11.2. Attention Pooling by Similarity

narcissuskid
发布于 2023-09-09 / 189 阅读 / 0 评论 / 0 点赞

11.2. Attention Pooling by Similarity

github:
https://github.com/pandalabme/d2l/tree/main/exercises

1. Parzen windows density estimates are given by \hat{p}(x)=\frac{1}{n}\sum_ik(x,x_i). Prove that for binary classification the function \hat{p}(x,y=1)-\hat{p}(x,y=-1), as obtained by Parzen windows is equivalent to Nadaraya–Watson classification.

The equation of Nadaraya–Watson classification is:
f(q)=\sum_iv_i\frac{\alpha(q,k_i)}{\sum_j\alpha(q,k_i)}
As the label of binary classification is {1,-1}, so the equation can be modified as:
f(q)=\sum^{y=1}\hat{p}(x)-\sum^{y=-1}\hat{p}(x)=\hat{p}(x,y=1)-\hat{p}(x,y=-1)

2. Implement stochastic gradient descent to learn a good value for kernel widths in Nadaraya–Watson regression.

2.1 What happens if you just use the above estimates to minimize (f(x_i)-y_i)^2 directly? Hint: y_i is part of the terms used to compute f.

If we just use the above estimates to minimize (f(x_i)-y_i)^2 directly, we may encounter some problems, such as:

  • The loss function is not convex in h, so we may get stuck in a local minimum or a saddle point.
  • The loss function is sensitive to outliers, since they can have a large influence on the numerator and denominator of f(x_i).
  • The loss function does not account for the bias-variance trade-off, since a smaller h may lead to overfitting and a larger h may lead to underfitting.

This is because the estimated value f(x_i) is part of the terms used to compute f itself. In other words, you would be trying to optimize a circular dependency, and standard optimization techniques may not converge or provide meaningful results.

import sys
import torch.nn as nn
import torch
import warnings
from sklearn.model_selection import ParameterGrid
sys.path.append('/home/jovyan/work/d2l_solutions/notebooks/exercises/d2l_utils/')
import d2l
from torchsummary import summary
warnings.filterwarnings("ignore")

class SyntheticNWData(d2l.DataModule):  #@save
    """Synthetic data for linear regression."""

    def __init__(self, noise=0.01, num_train=1000, num_val=1000,
                 batch_size=32):
        super().__init__()
        self.save_hyperparameters()
        n = num_train + num_val
        self.X = torch.randn(n, 1)
        noise = torch.randn(n, 1) * noise
        self.y = 2 * torch.sin(self.X) + self.X + noise

    def get_tensorloader(self, tensor, train, indices=slice(0, None)):
        tensor = tuple(a[indices] for a in tensor)
        dataset = torch.utils.data.TensorDataset(*tensor)
        return torch.utils.data.DataLoader(dataset, self.batch_size, shuffle=train)

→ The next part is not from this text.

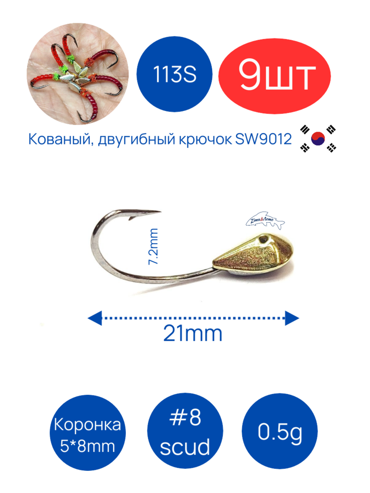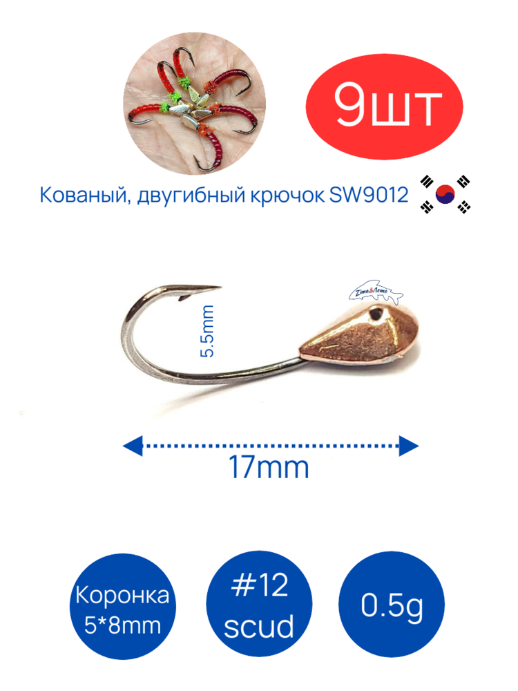 - Кованный, двугибный крючок формы scud, Ю.Корея #12, 10, 8, 6
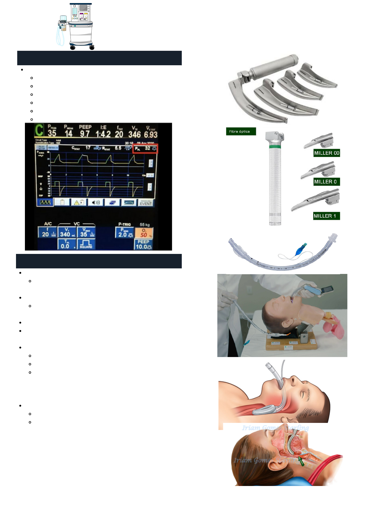 EQUIPAMENTOS MONITOR DA VENTILAÇÃO MECÂNICA Monitorizar os parâmetros da ventilação mecânica: Pressão de pico Pressão de platô Frequência respiratória Fração inspirada de oxigênio (FiO2) PEEP - pressão expiratória final positiva Fração inspiratória e expiração EQUIPAMENTOS DE VIA AÉREA Laringoscópio de Macintosh Em países desenvolvidos está em desuso, mas ainda é muito usado no Brasil Laringoscópio de Miller - mais usados em neonatos *Não existe diferença de efetividade entre o Macintosh e Miller Tubo de intubação Videolaringoscópio - é a nova recomendação; Mais fácil para intubar. Máscara laríngea Equipamento de resgate Não veda bem a via aérea superior Dá pra usar como método ventilatório quando o paciente está de jejum, pois como não veda bem se o estômago estiver cheio (cirurgias de emergência, por exemplo) pode haver broncoaspiração. Cânula de Guedel Equipamento que serve para abaixar a língua Útil para pacientes que tem SAOS (síndrome da apneia obstrutiva do sono), pois subtende-se que tenha desabamento da língua quando inconsciente, e pode dificultar a intubação. EQUIPAMENTOS CAPNÓGRAFO Dispositivo PADRÃO-OURO para certificar se o paciente foi intubado!!! Mede o CO2 expirado Aparece uma curva no monitor Se não tiver curva, o tubo está no lugar errado Pode ser Main stream ou Side stream ESTAÇÃO DE ANESTESIA Sistema de ventilação Sistema respiratório O sistema de ventilação entrega a ventilação a partir do sistema respiratório Sistema de fornecimento de gases Para anestésicos inalatórios Monitor de ventilação (anteriormente descrito) Monitor cardíaco: Eletrocardioscopia Frequência cardíaca Saturação Pulso Pressão arterial EQUIPAMENTOS TERMÔMETRO DE TEMPERATURA CENTRAL Preciso Geralmente se coloca no esôfago ou orofaringe, mas pode colocar no meato acústico externo, no reto, ou na bexiga Coloca onde for mais adequado de acordo com a situação, a depender do órgão cirurgiado. Alterações de temperatura podem levar à arritmias, discrasias sanguíneas. OXÍMETRO DE PULSO Saturação de O2 Leitura da frequência da absorção da luz Por isso, existem algumas coisas que podem atrapalhar a leitura: esmalte, pele escura, foco de luz cirúrgico, hipoperfusão periférica pode mascarar a saturação real A precisão diminui em níveis baixos de oxihemoglobina A medida em que a saturação vai baixando, vai diminuindo a precisão, por exemplo uma saturação de 40, pode ser bem mais ou bem menos: Pulse oximeter Waveform Associe a curva com a clínica do paciente! TENSIÔMETRO - ESFIGMOMANÔMETRO PNI (PRESSÃO NÃO INVASIVA) Aparelho para aferir a pressão arterial Método de avaliação é oscilométrico O manguito insufla até ocluir a artéria , depois desinsufla até sentir a pressão arterial sistólica e oscilar :) Cuidado com o paciente se mexendo ou tremendo de frio -> pode alterar a aferição!!! PRESSÃO ARTERIAL INVASIVA (PAI) Insere o cateter na artéria e no equipo, e o equipo liga no monitor. Analisa pulso a pulso (+ preciso) Mais comum puncionar a a. radial. Pode ser um cateter de Seldinger ou Jelco (o número do Jelco é inversamente proporcional ao calibre - 14 (+grosso) >24 EQUIPAMENTOS BIS - ÍNDICE BISPECTRAL Mede a atividade elétrica neuronal quando o paciente está anestesiado - hipnose Coloca-se os eletrodos na cabeça Vai de 0 a 100, mas o valor recomendável é de 40-60 Níveis muito baixos podem levar ao paciente a entrar em delírio depois de acordar da anestesia TOF- TRAIN OF FOUR Avalia o nível de profundidade do bloqueio neuromuscular. Coloca os eletrodos no nervo ulnar e no polegar Estimula o nervo ulnar e mede as contrações no polegar Quanto mais profundo o bloqueio, menos contrações você vai ter. EQUIPAMENTOS DE INFUSÃO Para infusão de noradrenalina, adrenalina, dobutamina, opioides, hipnóticos. Para um período maior de infusão BOMBAS DE VELOCIDADE CONTÍNUA Bomba de equipo Bomba de seringa BOMBA TCI - TARGET CONTROL INFUSION Infusão alvo controlada Variam a velocidade Modelos farmacológicos acoplados OUTROS Agulha de raquianestesia Agulha para peridural Cateter de punção central com 3 vias Casos + complexos Monitorizar pressão venosa central Infusão de drogas vasoativas

    def get_dataloader(self, train):
        i = slice(0, self.num_train) if train else slice(self.num_train, None)
        return self.get_tensorloader((self.X, self.y), train, i)
    
class NWReg(d2l.Module):
    def __init__(self, x_train, y_train, lr, sigma=0.01):
        super().__init__()
        self.save_hyperparameters()
        self.w = torch.normal(0, sigma, (1, 1), requires_grad=True)
        
    def forward(self, X):
        y_hat, attention_w = self.nadaraya_watson(self.x_train, self.y_train, X)
        return y_hat
    
    def loss(self, y_hat, y):
        l = (y_hat - y)**2 / 2
        return l.mean()
    
    def configure_optimizers(self):
        return d2l.SGD([self.w], self.lr)
    
    def nadaraya_watson(self, x_train, y_train, x_val):
        dists = x_train.reshape((-1, 1)) - x_val.reshape((1, -1))
        # Each column/row corresponds to each query/key
        k = torch.exp(-dists**2 /2/(torch.pow(self.w, 2)+0.00001))
        # Normalization over keys for each query
        attention_w = k / k.sum(0)
        y_hat = y_train.T@attention_w
        return y_hat, attention_w
data = SyntheticNWData(batch_size=1, noise=0.1)
model = NWReg(x_train=data.X[:data.num_train], y_train=data.y[:data.num_train], lr=0.1)
trainer = d2l.Trainer(max_epochs=3) #, num_gpus=1
trainer.fit(model, data)
fig, axes = d2l.plt.subplots(1, 2, sharey=True, figsize=(12, 3))
axes[0].scatter(data.X[:data.num_train],data.y[:data.num_train],label='data')
axes[0].scatter(data.X[:data.num_train],model(data.X[:data.num_train]).detach().numpy() ,label='pred')
axes[0].legend()
axes[1].scatter(data.X[-data.num_train:],data.y[-data.num_train:],label='data')
axes[1].scatter(data.X[-data.num_train:],model(data.X[-data.num_train:]).detach().numpy() ,label='pred')
axes[1].legend()
<matplotlib.legend.Legend at 0xffff412ba590>

svg

svg

2.2 Remove (x_i,y_i) from the estimate for f(x) and optimize over the kernel widths. Do you still observe overfitting?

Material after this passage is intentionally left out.